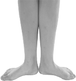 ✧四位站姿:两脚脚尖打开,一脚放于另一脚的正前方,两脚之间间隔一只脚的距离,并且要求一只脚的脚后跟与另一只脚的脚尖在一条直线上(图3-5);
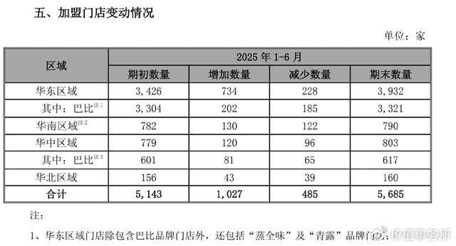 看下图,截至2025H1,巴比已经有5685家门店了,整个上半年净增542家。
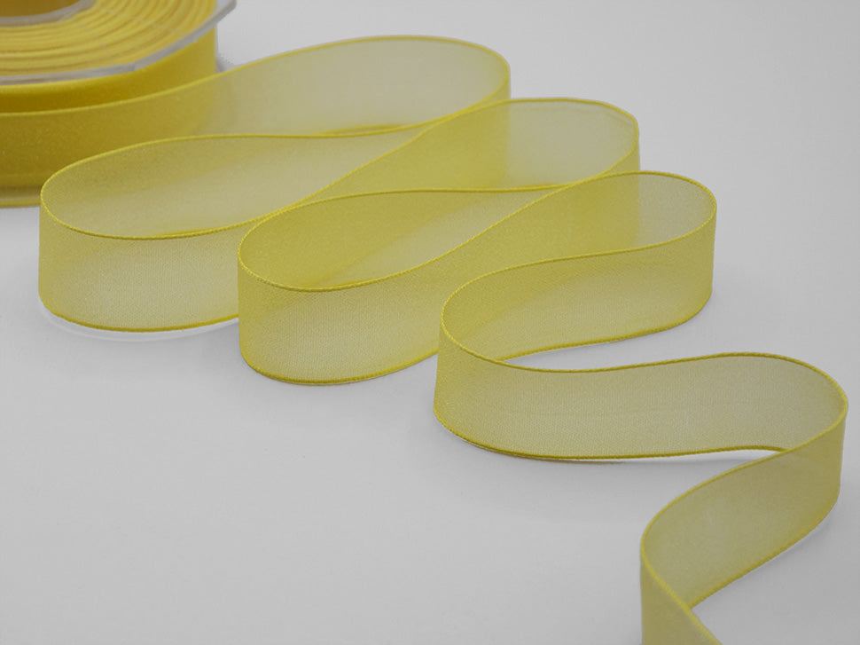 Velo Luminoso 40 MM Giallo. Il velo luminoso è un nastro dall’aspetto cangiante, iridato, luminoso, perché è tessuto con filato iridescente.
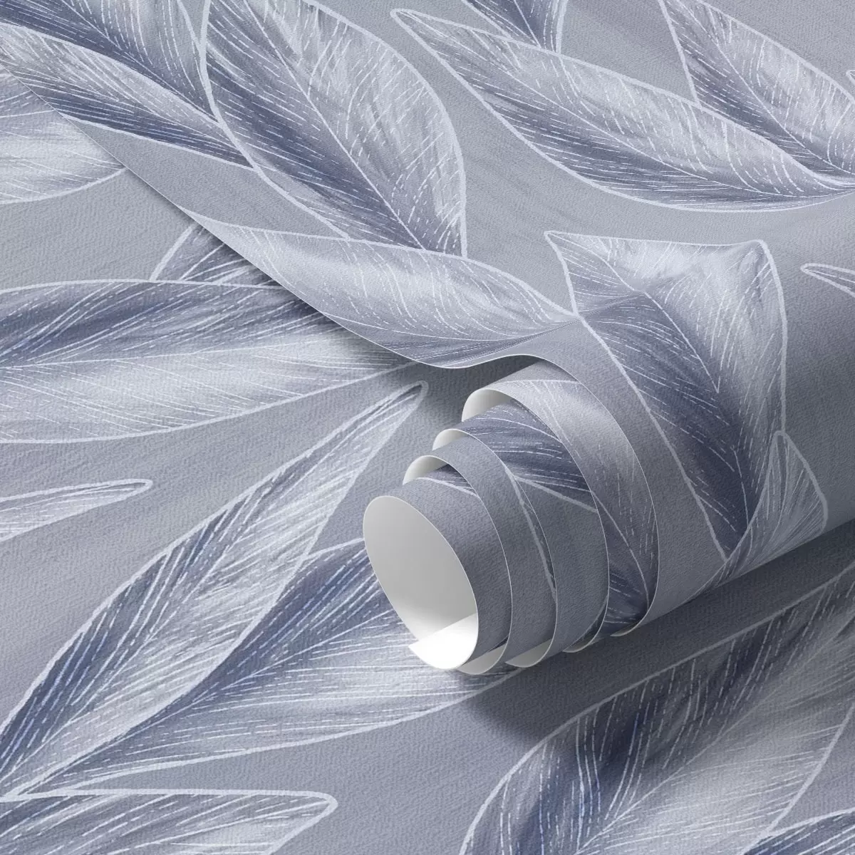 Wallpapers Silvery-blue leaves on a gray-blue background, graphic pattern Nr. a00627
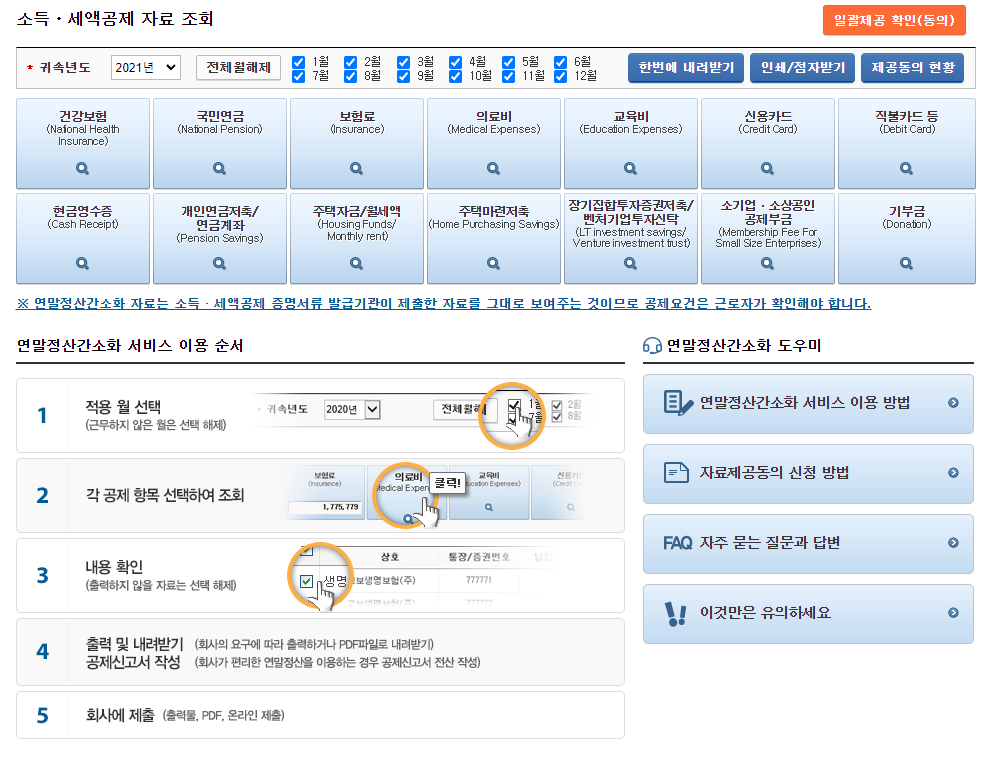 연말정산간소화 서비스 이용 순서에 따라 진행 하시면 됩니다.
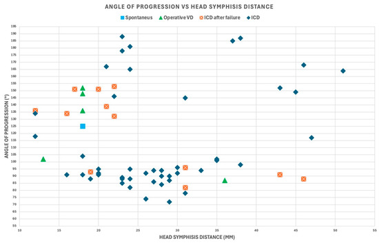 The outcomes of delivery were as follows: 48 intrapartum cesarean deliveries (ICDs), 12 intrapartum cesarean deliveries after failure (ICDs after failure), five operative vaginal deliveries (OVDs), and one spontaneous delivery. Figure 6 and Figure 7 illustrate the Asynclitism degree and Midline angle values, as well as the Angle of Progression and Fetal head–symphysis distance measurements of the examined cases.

━━━━━━━━━━━━━━━━━━━━━━━━━━━━━━

▶ _What the task requires_: Although pictures appear among the records above, write out exactly only the lines from the one that has "看下图,截至2025H1,巴比已经有5685家门店了,整个上半年净增542家。" through the one that has "연말정산간소화 서비스 이용 순서에 따라 진행 하시면 됩니다.", and leave the pictures out.

▶ _Answer space_:
 看下图,截至2025H1,巴比已经有5685家门店了,整个上半年净增542家。
 Velo Luminoso 40 MM Giallo. Il velo luminoso è un nastro dall’aspetto cangiante, iridato, luminoso, perché è tessuto con filato iridescente.
 Wallpapers Silvery-blue leaves on a gray-blue background, graphic pattern Nr. a00627
 연말정산간소화 서비스 이용 순서에 따라 진행 하시면 됩니다.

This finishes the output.